= Beginning of Section =
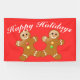 Deux bonshommes en pain d'épice vous souhaitent de Joyeuses Fêtes. La couleur du texte et du fond est personnalisable.
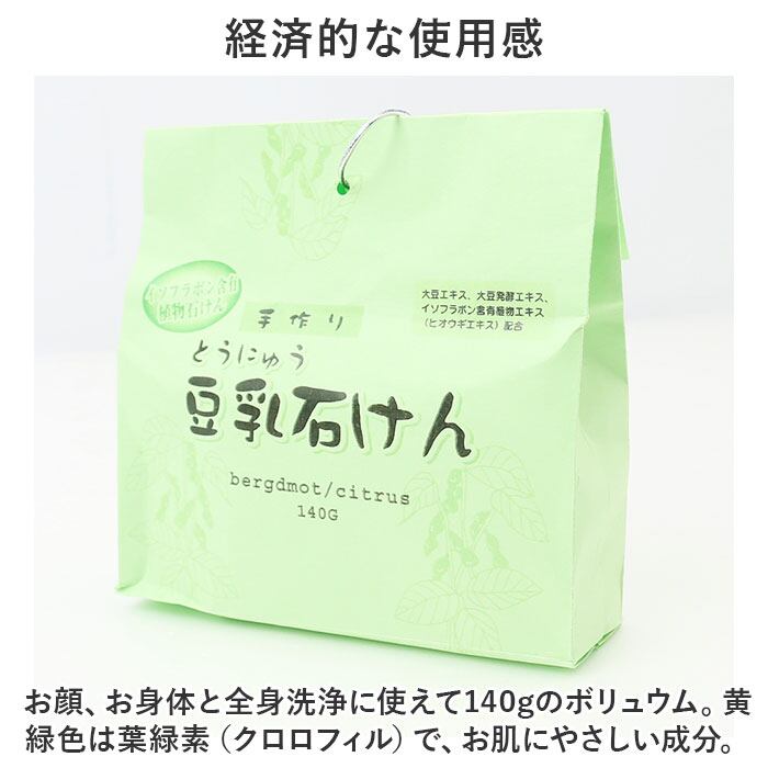 ・お顔、お身体と全身洗浄に使えて140gのボリュウム。黄緑色は葉緑素(クロロフィル)で、お肌にやさしい成分。
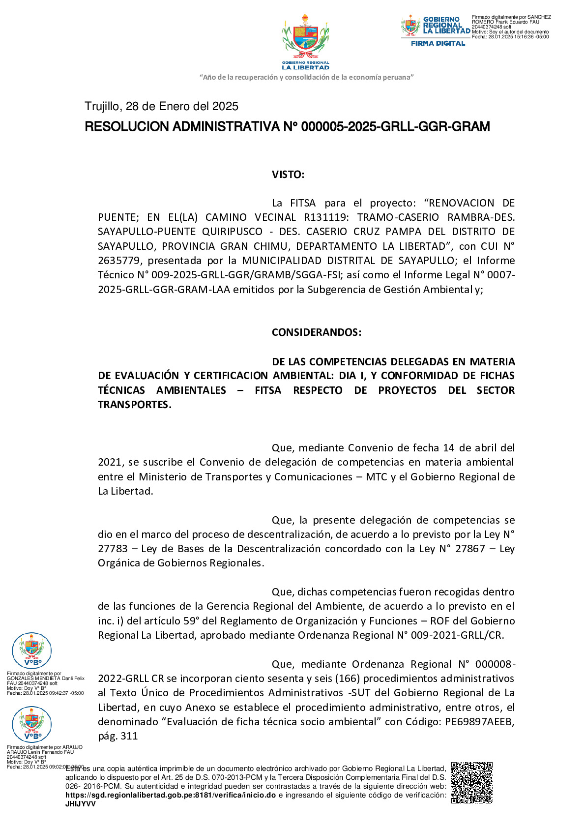 La Gerencia Regional del Ambiente, mediante RESOLUCION ADMINISTRATIVA N° 000005-2025-GRLL-GGR-GRAM, otorga la CONFORMIDAD a la Ficha Técnica Socio Ambiental (FITSA) del proyecto “RENOVACION DE PUENTE; EN EL(LA) CAMINO VECINAL R131119: TRAMO-CASERIO RAMBRA-DES. SAYAPULLO-PUENTE QUIRIPUSCO - DES. CASERIO CRUZ PAMPA DEL DISTRITO DE SAYAPULLO, PROVINCIA GRAN CHIMU, DEPARTAMENTO LA LIBERTAD” con CUI N° 2635779.
= End of Section =
▶ **Work to complete**
The pictures should be dropped, and every line above should be set down again exactly.

▶ **Answer below**
 Deux bonshommes en pain d'épice vous souhaitent de Joyeuses Fêtes. La couleur du texte et du fond est personnalisable.
 ・お顔、お身体と全身洗浄に使えて140gのボリュウム。黄緑色は葉緑素(クロロフィル)で、お肌にやさしい成分。
 La Gerencia Regional del Ambiente, mediante RESOLUCION ADMINISTRATIVA N° 000005-2025-GRLL-GGR-GRAM, otorga la CONFORMIDAD a la Ficha Técnica Socio Ambiental (FITSA) del proyecto “RENOVACION DE PUENTE; EN EL(LA) CAMINO VECINAL R131119: TRAMO-CASERIO RAMBRA-DES. SAYAPULLO-PUENTE QUIRIPUSCO - DES. CASERIO CRUZ PAMPA DEL DISTRITO DE SAYAPULLO, PROVINCIA GRAN CHIMU, DEPARTAMENTO LA LIBERTAD” con CUI N° 2635779.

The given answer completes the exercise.